The a3s-power models show and a3s-power models rm commands encode model names as URL path segments automatically. Manual HTTP clients must percent-encode path parameters that contain /, :, spaces, or query-special characters.

Chat and text completion responses include an attestation_receipt object and attestation_receipt_sha256. For streaming calls, Power emits a final SSE event with those fields before [DONE]; when stream_options.include_usage = true or suppress_token_metrics = true, that final event also includes usage. Power rejects stream_options on non-streaming requests because those options do not affect a non-streaming response shape, and currently supports only stream_options.include_usage; other stream option fields fail closed. Embedding requests accept only implemented top-level fields; unsupported fields such as user fail closed instead of being silently dropped.

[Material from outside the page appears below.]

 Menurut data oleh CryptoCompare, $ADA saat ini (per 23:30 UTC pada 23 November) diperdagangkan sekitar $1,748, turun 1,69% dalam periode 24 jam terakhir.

The v2 receipt covers prompt-bearing API input, model runtime chat-template/GPU execution policy claims, request decoding parameters including extended local sampling controls, streaming request options, stop tokens, response format, tools including function strict schema flags, tool choice, and parallel tool-call policy. Unknown top-level chat/text completion fields and unknown nested message/content, response-format, tool definition, and tool-choice fields fail closed instead of being silently dropped before proxying or receipt hashing. Local chat backends reject unsupported message roles instead of coercing them to user; remote/proxy models preserve roles for upstream enforcement. Chat receipts also include effective_prompt when the selected backend can expose the exact prompt representation it submits to the model. llama.cpp and picolm text-only chat emit kind = "chat.rendered-prompt" for post-template prompt bytes. mistralrs text chat emits kind = "chat.prompt-token-ids" for a domain-separated SHA-256 over the token ID sequence produced by mistralrs' own chat tokenization path; vision and multimodal llama.cpp/picolm/mistralrs requests leave the field absent. Proxy backends leave the field absent by default, but can include an upstream-declared digest when proxy_effective_prompt_digest = true and the upstream implements the configured digest endpoint. The proxy sends the same OpenAI-compatible chat body used for inference, including structured multimodal content, tools, tool choice, parallel tool-call policy, response format, and sampling controls, with stream = false; the endpoint should return either { "sha256": "<64 hex>", "kind": "chat.rendered-prompt", "backend": "..." } or the same object nested under effective_prompt. Unsupported proxy endpoints are ignored unless proxy_effective_prompt_digest_required = true; malformed digests fail closed.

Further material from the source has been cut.